Arztbesuche und Versicherungsabschlüsse

Sternenlicht

Wie siehst du in dem Zusammenhang den anderen Thread von dir, Sternenlicht?

Zuletzt sprachst du dort von Schwermetallver- bzw -entgiftung, auch von Mitochondriopathie, wenn ich das richtig verstanden habe.

Ganz ernsthaft gefragt, bist du wirklich kerngesund und (vielleicht auch psychisch) belastbar für einen doch psychisch anspruchsvollen Beruf?

Schulmedizinisch bin ich kerngesund und das ist ja das einzige Kriterium, was Versicherungen interessiert. Bei denen brauche ich keine alternativmedizinischen "Faxen" wie Schwermetallausleitungen etc PP angeben, genauso wenig wie den positiven LTT-Borreliosetest.

Was momentan zählt: Versicherungen unter Dach und Fach kriegen und möglichst wasserdicht und lupenrein.
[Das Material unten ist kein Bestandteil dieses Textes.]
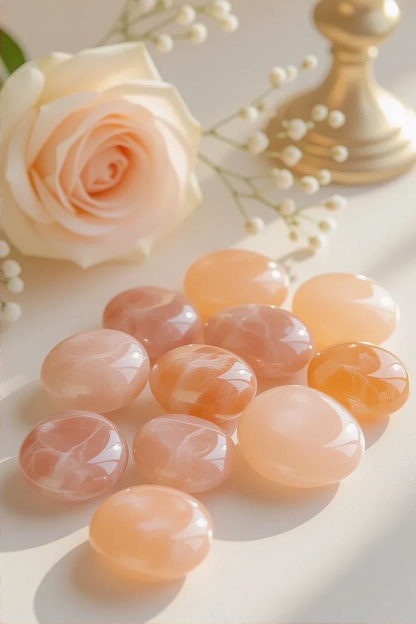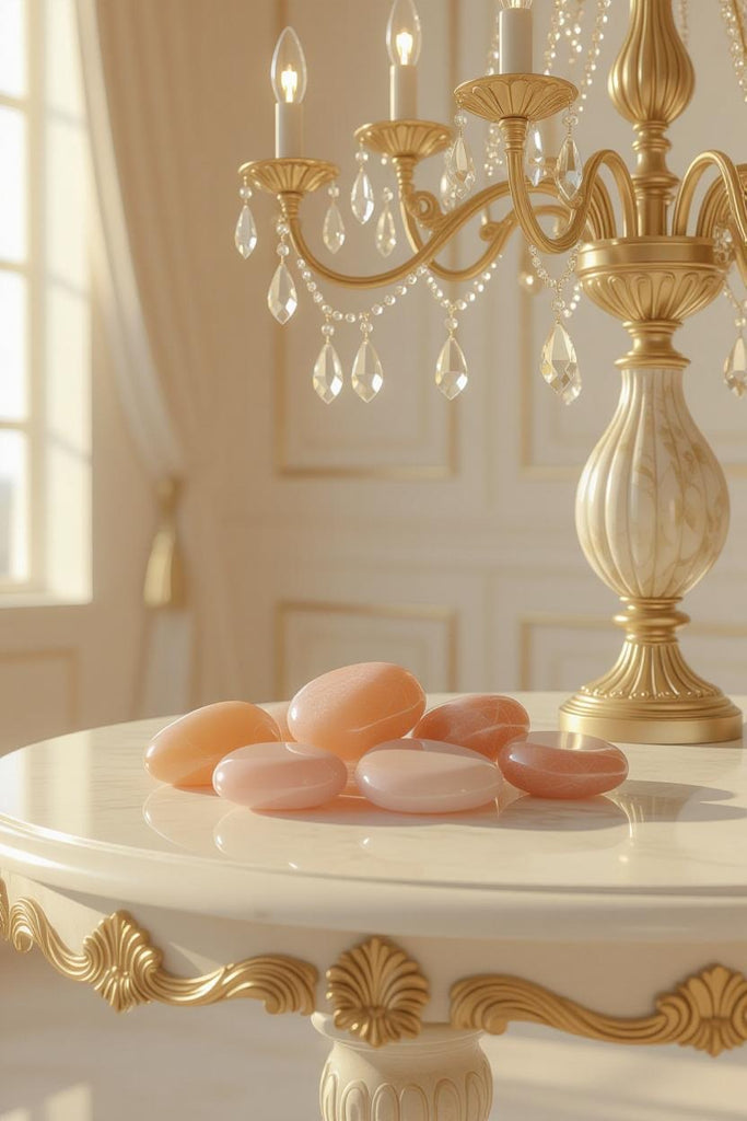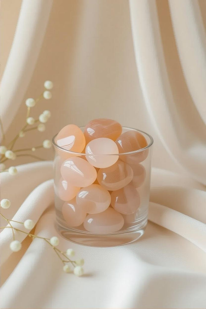 Introduce a touch of soft, celestial warmth to your luxury decor with Peach Moonstone Tumbled Gemstones. Their delicate peachy-pink hues and gentle shimmer evoke calm, comfort, and understated sophistication—perfect for those who appreciate refined beauty with a soulful glow.

Wenn das rum ist, kann ich mir wieder Gedanken über diese Dinge abseits der Schulmedizin machen.

Ich habe daher auch einen selbst-auferlegten Ärztestopp momentan. Ich gehe erst wieder wegen irgendeiner Beschwerde zum Arzt, wenn das mit den Versicherungen geregelt ist. Dasselbe gilt auch (und ganz besonders DA) für etwaige psychologische Unterfangen, denn diese sind ja direkt ein K-O-Kriterium für Versicherungen.
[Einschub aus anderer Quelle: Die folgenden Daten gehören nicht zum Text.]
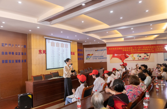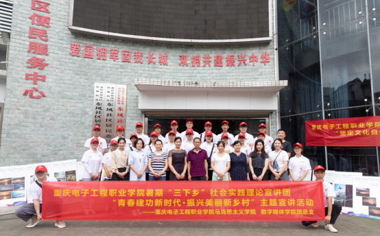 2019年7月18日,重庆电子工程职业学院马克思主义学院、数字媒体学院“青春心向党,建功新时代”暑期大学生“三下乡”社会实践理论宣讲团在重庆市潼南区东风社区服务中心开展了以“青春建功新时代,振兴美丽新乡村”主题的宣讲活动,身体力行的将“小我”融入“大我”,明责任,强担当,重实干,让思政课在基层“动”起来。

Was lernen wir also daraus? Manchmal muss man sich selbst eben hintenanstellen, um sich nicht noch mehr Steine in den Weg zu legen. Aber so sind halt die Spielregeln, ich mache die Regeln nicht. Wenn man Absicherung im Leben will (und ich bin ein Mensch, der Sicherheiten braucht), dann muss ich mich da jetzt halt erstmal zurücknehmen, bis das alles unter Dach und Fach ist.
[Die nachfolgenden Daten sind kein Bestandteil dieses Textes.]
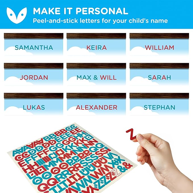 • MAKE IT PERSONAL - Your child will love seeing their name on their favorite vehicles wall growth chart! Use our peel-and-stick decal letters to personalize your height tracker for kids.

Andererseits, um deine Frage nach der Gesundheit konkreter zu beantworten: seit einem Jahr renne ich nun quasi schon zu Ärzten und alles, was bislang an Tonnen von Untersuchungen auffällig war, war ein leicht niedriger Vitamin H und D-Spiegel. Vor diesem Hintergrund kann man aus schulmedizinischer (und versicherungstechnischer) Sicht mit Fug und Recht behaupten, dass ich "kerngesund" bin.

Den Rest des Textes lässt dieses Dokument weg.